Unfortunately, we never really got to march. As I understand was the case at venues around the world, the march organizers were apparently overwhelmed by the size of the turnout. Grosvenor Square was shoulder-to-shoulder and no one could go anywhere. After being there about an hour and half, we had made it half way around the square and were nowhere near starting the two-mile march. But we all had fun together, reading all of the signs and talking to the people around us. Judie and our friend, Susan, had both brought these combination cane/seat things for the march, since their knees are killing them. You can see them in the photo below. We all sang songs. “We Shall Overcome” and the UU standby “We Are a Gentle Angry People” (with improvised lyrics like “We Are Nasty Nasty Women” and the like). We weren’t moving but we were spirited. At about 1:30 Judie, Susan and I decided we’d had enough (and we were meeting people in an hour), so we left the march by getting out a side street. Judie and Susan were resting on their devices when we saw the rest of our group walking down the same street with the banner. They ended up walking along with a large number of people who had given up on the main march route, but they never reached Trafalgar. It was just as well, since I heard the next day from someone who had made it there that when he and his wife arrived it was so packed that no one could enter. (The official police capacity of Trafalgar in 20,000 and the CrowdSize app says it is 35,000. But there were lots of people who, like us, gave up along the way or left when they couldn’t get in there. A total of 50,000-100,000 marchers does not seem unreasonable.)

South Africa and Julia Child: On the same day as the march, we had made arrangements to meet our friends, Jane and Paul Jee, at the British Museum and then have them over to our flat for dinner. They wanted to see the special exhibition there about South African art, having gone on a two-week trip to South Africa in early December. It was a nice, relatively small exhibit, which combined ancient art and more recent native art, with recent works by current artists which drew on the history of art there. The exhibit sort of followed South African history, which for the last 400 years was most about how unspeakably awful the Boers, but more importantly the English, treated the local populace (which in the case of the English include the Boers). It is almost impossible to overstate the genocidal viciousness of the English during their long colonial period.

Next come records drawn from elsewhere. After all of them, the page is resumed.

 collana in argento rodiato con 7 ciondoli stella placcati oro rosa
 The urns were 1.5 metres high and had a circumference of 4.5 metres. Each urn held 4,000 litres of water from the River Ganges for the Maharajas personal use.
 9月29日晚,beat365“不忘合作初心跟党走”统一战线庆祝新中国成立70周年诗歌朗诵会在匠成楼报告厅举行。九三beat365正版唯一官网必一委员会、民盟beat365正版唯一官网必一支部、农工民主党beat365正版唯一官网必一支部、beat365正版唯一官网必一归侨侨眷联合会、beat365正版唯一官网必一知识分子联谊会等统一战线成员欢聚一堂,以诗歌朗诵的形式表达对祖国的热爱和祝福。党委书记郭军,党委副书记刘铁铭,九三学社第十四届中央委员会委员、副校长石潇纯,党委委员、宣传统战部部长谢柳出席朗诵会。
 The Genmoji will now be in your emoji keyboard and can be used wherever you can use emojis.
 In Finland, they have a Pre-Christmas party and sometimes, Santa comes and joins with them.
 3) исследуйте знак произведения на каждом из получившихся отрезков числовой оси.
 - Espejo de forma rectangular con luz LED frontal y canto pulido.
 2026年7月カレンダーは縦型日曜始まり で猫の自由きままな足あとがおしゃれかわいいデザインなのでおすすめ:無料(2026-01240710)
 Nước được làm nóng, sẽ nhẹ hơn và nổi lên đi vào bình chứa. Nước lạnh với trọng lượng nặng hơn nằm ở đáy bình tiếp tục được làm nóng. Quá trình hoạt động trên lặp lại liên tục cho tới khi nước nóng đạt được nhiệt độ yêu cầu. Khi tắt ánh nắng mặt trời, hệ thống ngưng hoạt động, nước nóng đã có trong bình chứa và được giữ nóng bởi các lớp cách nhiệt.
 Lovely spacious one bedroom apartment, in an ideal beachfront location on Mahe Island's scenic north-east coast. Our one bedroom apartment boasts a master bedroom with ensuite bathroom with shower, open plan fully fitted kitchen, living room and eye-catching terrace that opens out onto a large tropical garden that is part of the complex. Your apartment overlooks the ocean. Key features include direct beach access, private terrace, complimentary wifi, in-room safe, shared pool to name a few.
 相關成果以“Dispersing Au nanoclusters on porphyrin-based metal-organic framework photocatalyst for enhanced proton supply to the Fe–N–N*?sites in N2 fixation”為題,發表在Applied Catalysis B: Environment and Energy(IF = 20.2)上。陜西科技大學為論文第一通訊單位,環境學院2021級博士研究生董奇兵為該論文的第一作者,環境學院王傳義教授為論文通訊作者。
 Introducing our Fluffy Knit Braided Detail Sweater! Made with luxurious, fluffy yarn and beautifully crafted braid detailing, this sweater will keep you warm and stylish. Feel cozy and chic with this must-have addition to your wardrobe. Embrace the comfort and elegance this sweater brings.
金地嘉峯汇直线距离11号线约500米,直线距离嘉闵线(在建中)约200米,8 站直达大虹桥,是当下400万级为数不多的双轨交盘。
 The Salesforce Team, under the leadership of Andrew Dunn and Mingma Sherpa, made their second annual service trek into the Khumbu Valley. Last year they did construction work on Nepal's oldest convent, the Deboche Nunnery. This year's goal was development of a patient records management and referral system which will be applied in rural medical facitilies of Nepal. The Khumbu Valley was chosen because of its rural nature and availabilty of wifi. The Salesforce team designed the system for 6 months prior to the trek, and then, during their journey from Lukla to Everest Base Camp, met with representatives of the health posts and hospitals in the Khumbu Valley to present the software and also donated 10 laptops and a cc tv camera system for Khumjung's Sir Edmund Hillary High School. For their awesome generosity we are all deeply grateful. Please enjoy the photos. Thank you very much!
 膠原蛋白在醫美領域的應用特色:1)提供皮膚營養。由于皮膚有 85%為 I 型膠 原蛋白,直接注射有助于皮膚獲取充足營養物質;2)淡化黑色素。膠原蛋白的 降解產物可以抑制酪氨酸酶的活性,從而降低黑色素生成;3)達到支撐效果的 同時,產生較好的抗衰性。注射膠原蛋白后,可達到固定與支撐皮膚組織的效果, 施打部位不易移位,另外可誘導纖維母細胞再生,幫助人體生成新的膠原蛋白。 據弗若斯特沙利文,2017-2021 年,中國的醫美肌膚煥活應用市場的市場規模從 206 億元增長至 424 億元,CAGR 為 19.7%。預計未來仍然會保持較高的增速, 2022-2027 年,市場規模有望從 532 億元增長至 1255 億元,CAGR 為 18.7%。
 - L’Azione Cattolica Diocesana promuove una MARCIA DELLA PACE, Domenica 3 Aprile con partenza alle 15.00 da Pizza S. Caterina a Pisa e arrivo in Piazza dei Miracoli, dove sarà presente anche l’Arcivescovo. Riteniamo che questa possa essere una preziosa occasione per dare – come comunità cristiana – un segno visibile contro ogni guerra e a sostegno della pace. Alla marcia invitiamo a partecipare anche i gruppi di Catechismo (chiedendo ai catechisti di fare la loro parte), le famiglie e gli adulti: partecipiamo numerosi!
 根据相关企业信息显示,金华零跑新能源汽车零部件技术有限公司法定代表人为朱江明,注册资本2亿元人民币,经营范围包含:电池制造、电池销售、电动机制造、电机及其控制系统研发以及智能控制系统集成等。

On the way back, Paul directed us to two wonderful pubs for drinks. The first was The Princess Louise, which featured a late Victorian interior of etched glass and dark wood and a number of little glass booths around a central bar. See below. You could imagine seeing it in a castle or a museum, but it was pub. The next one was the Cittie of York, another very old pub that has gone by different names over the centuries. Its interior had a very high ceiling and it felt like Henry VIII might come in after hunting at any moment.

princess-louise-pub

The plans for the march and museum made trying to figure out dinner a bit problematic. (and they had invited us over to eat too often to go out to a restaurant and possibly end up fighting over a check.) So it had to be something that could be mostly made ahead of time. I ended up making the Julia Child’s Boeuf Bourguignon recipe from Mastering the Art of French Cooking. It is perhaps her classic recipe (which is said to have led to the publication of the book), which I’d made before. This was by far the best one I’d ever made and, as a matter fact, was the best one I’d ever tasted anywhere. It may have been the fact that I used really nice meat or that I used a bottle of good Malbec or that I made it the night before and it got a chance to sit and soak up flavors. I served it with the classic sautéed mushroom and braised onions and sliced, boiled baby potatoes and a really nice Aloxe Corton. Heavenly.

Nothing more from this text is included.